In New Jersey, a furor arose over two defense lawyers accused of instructing a paralegal to “friend” the plaintiff on Facebook, in hopes of gathering information about him. John Robertelli and Gabriel Adamo, representing the borough of Oakland, employed that tactic against Dennis Hernandez, who filed a suit after he was struck by a police car. After a District Ethics Committee refused to bring charges against Robertelli, the Supreme Court ordered the ethics case to proceed in 2016.
And in late 2017, plaintiffs lawyers in a suit in state court in Philadelphia over alleged side effects of blood thinner Xarelto faced questioning about postings on their Instagram accounts showing the courtroom with the hashtag #killinnazis. Although there is no evidence any of the jurors saw the postings, defense lawyers in the case maintained that they were intended to link Nazi Germany to defendant Bayer, a German-based company that developed the drug. The defendants are hoping to overturn a $27.8 million verdict in that case.
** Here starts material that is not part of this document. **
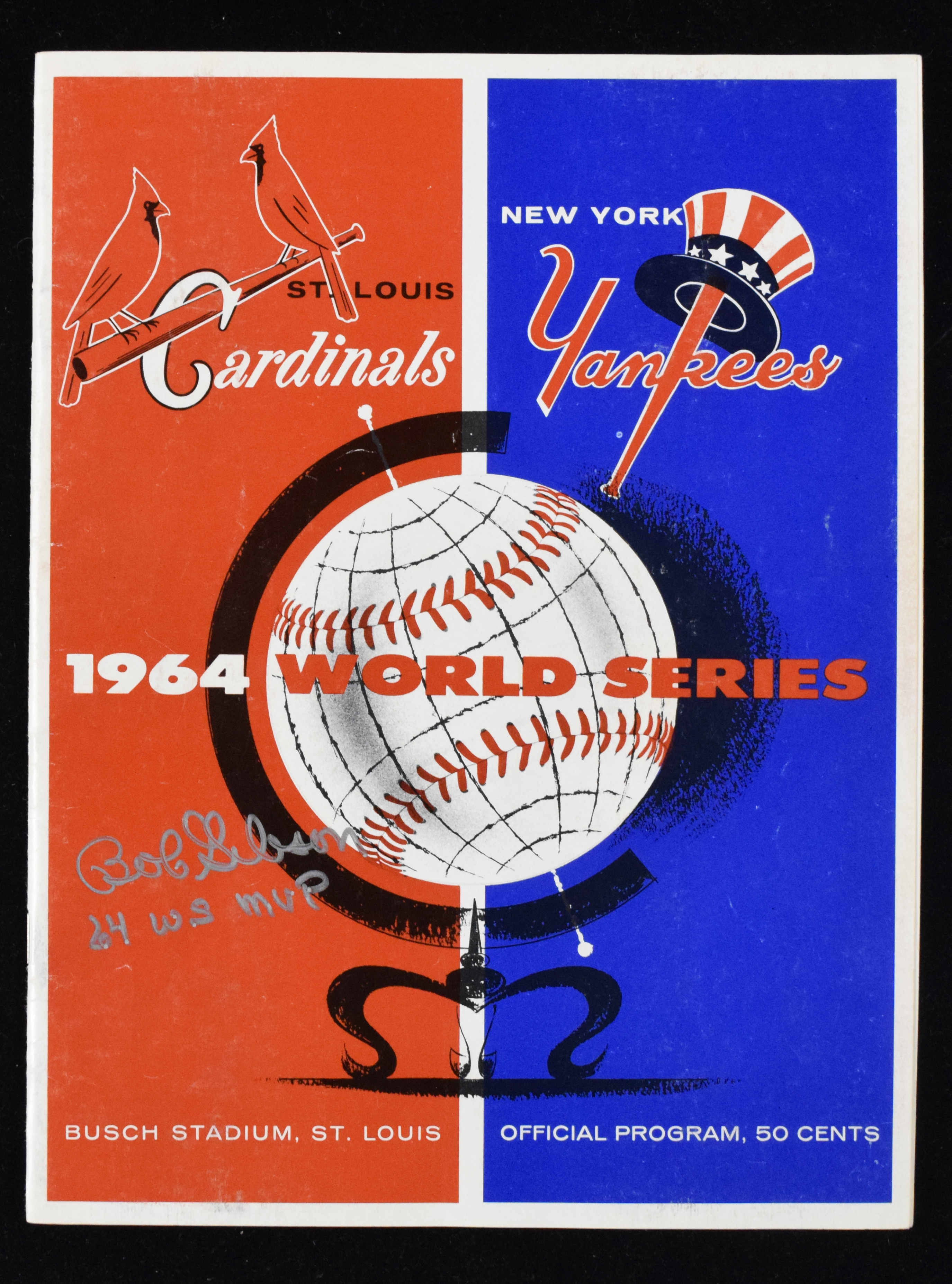 Description:Bob Gibson signed and inscribed 1964 World Series program (EX/MT). Gibson signed the cover in silver marker and added "64 WS MVP" inscription. Signature rates 9 out of 10: EX/MT

In another novel use of social media, Centre County, Pennsylvania, District Attorney Stacy Parks created a fake Facebook page to snoop on criminal defendants. Parks' fate now lies with the state Disciplinary Board, and ultimately with the Supreme Court of Pennsylvania.
Parks, who created the fake persona of Britney Bella using a photo of her sister, said she did so to facilitate the self-identification of drug dealers, but media reports say she is under investigation by state disciplinary authorities over the novel tactic.
Deciding what's right and what's wrong is a challenge for the courts, which have occasionally upbraided lawyers for their ill-considered online postings. However, some judges have been more forgiving.
In the Ninth Circuit case concerning the trial judge posting online about the case before him, Court of Appeals Chief Judge Sidney Thomas stopped short of telling judges not to blog about cases they are hearing, but warned would-be posters to consider the consequences.
The Ninth Circuit rejected Sierra Pacific's argument that the Twitter posts by the trial judge showed bias and warranted a recusal.
“This case is a cautionary tale about the possible pitfalls of judges engaging in social media activity relating to pending cases, and we reiterate the importance of maintaining the appearance of propriety both on and off the bench,” the court said.